DATA BLOCK section start

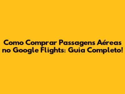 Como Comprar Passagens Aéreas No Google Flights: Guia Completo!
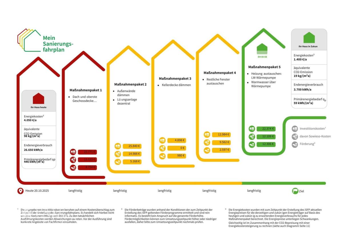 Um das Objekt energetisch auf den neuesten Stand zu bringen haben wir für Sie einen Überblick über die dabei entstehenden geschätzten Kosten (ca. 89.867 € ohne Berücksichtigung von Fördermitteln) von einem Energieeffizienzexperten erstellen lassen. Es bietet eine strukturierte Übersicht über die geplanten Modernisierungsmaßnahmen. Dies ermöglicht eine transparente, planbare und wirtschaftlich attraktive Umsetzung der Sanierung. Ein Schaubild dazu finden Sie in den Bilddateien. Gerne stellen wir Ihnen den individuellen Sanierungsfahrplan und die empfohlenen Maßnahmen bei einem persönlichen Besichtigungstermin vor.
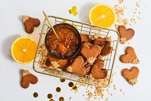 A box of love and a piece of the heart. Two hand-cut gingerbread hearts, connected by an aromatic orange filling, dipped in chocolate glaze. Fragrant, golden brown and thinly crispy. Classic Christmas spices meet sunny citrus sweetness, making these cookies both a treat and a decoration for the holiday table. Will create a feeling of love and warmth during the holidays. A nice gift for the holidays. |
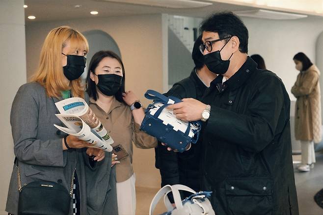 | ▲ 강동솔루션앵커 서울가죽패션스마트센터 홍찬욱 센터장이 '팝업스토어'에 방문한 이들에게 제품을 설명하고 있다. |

DATA BLOCK section end

* [INSTRUCTIONS TO FOLLOW] An exact reproduction of the data above is required, with every picture removed.

* [REPLY]
 Como Comprar Passagens Aéreas No Google Flights: Guia Completo!
 Um das Objekt energetisch auf den neuesten Stand zu bringen haben wir für Sie einen Überblick über die dabei entstehenden geschätzten Kosten (ca. 89.867 € ohne Berücksichtigung von Fördermitteln) von einem Energieeffizienzexperten erstellen lassen. Es bietet eine strukturierte Übersicht über die geplanten Modernisierungsmaßnahmen. Dies ermöglicht eine transparente, planbare und wirtschaftlich attraktive Umsetzung der Sanierung. Ein Schaubild dazu finden Sie in den Bilddateien. Gerne stellen wir Ihnen den individuellen Sanierungsfahrplan und die empfohlenen Maßnahmen bei einem persönlichen Besichtigungstermin vor.
 A box of love and a piece of the heart. Two hand-cut gingerbread hearts, connected by an aromatic orange filling, dipped in chocolate glaze. Fragrant, golden brown and thinly crispy. Classic Christmas spices meet sunny citrus sweetness, making these cookies both a treat and a decoration for the holiday table. Will create a feeling of love and warmth during the holidays. A nice gift for the holidays. |
 | ▲ 강동솔루션앵커 서울가죽패션스마트센터 홍찬욱 센터장이 '팝업스토어'에 방문한 이들에게 제품을 설명하고 있다. |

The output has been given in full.